Rain is a common natural phenomenon. Taking images in the rain however often results in degraded quality of images, thus compromises the performance of many computer vision systems. Most existing de-rain algorithms use only one single input image and aim to recover a clean image. Few work has exploited stereo images. Moreover, even for single image based monocular deraining, many current methods fail to complete the task satisfactorily because they mostly rely on per pixel loss functions and ignore semantic information. In this paper, we present a Paired Rain Removal Network (PRRNet), which exploits both stereo images and semantic information. Specifically, we develop a Semantic-Aware Deraining Module (SADM) which solves both tasks of semantic segmentation and deraining of scenes, and a Semantic-Fusion Network (SFNet) and a View-Fusion Network (VFNet) which fuse semantic information and multi-view information respectively. In addition, we also introduce an Enhanced Paired Rain Removal Network (EPRRNet) which exploits semantic prior to remove rain streaks from stereo images.

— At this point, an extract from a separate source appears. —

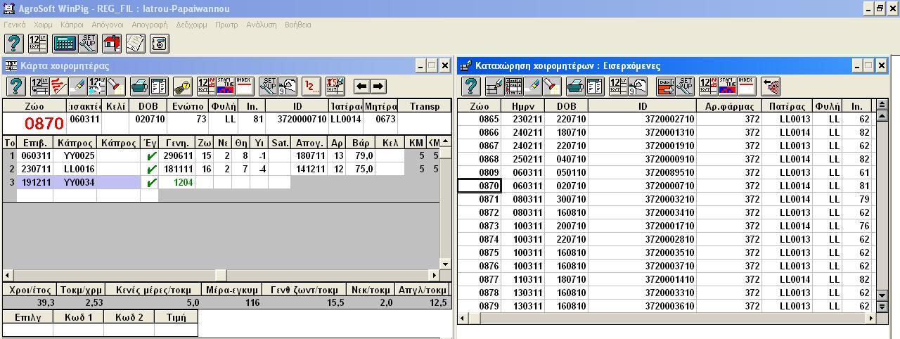 Η επιλογή των χοιρομητέρων της καθαρής φυλής LL και των χοιρομητέρων F1 Y/L, μέσω του προγράμματος της Agrosoft, γίνεται από τον διαχειριστή της μονάδας Βασίλη Ιατρού, Φαρμακοποιό.

We first use a coarse deraining network to reduce the rain streaks on the input images, and then adopt a pre-trained semantic segmentation network to extract semantic features from the coarse derained image. Finally, a parallel stereo deraining network fuses semantic and multi-view information to restore finer results. We also propose new stereo based rainy datasets for benchmarking. Experiments on both monocular and the newly proposed stereo rainy datasets demonstrate that the proposed method achieves the state-of-the-art performance.